By Laura Geggel, Senior Writer | July 26, 2016 10:38am ET
The clock is ticking for the rats, possums and weasels that have invaded New Zealand over the past few hundred years. That's because the country plans to eradicate these invasive predators that threaten its native species, and has set the year 2050 as its goal to be free of these invasive pests, Prime Minister John Key said Monday (July 25).
Before humans landed in New Zealand less than 800 years ago, precious few mammals lived on the islands — a vibrant archipelago that provided a home for flightless birds, such as the kiwi, takahe and kakapo parrot, as well as geckos and lizard-like tuataras.
But with humans came invasive predators, mammals that continue to kill 25 million native birds every year; they also prey on the native lizards and tuataras, Key said.

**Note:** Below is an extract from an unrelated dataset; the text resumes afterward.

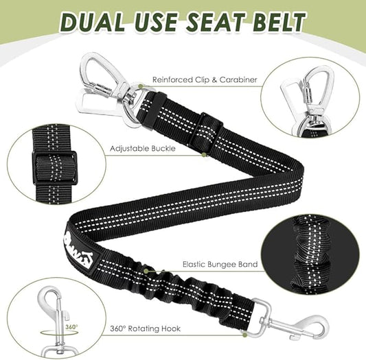 COOYOO Dog Seat Belt,Retractable Dog Car Harness Seat Belt for Car Adjustable Nylon Pet Safety Seat Belts Heavy Duty & Elastic Bungee Buffer

"While once the greatest threat to our native wildlife was poaching and deforestation, it is now introduced predators," Key said in a statement.
These introduced predators cost the New Zealand economy an estimated 3.3 billion New Zealand dollars ($2.3 billion) a year, he said. The costs stem partly from the crops these invasive species eat — for instance, rodents ate an estimated NZ$300 million ($211 million) in cereal and seed export earnings in 2013, a 2015 study in the journal BioScience found.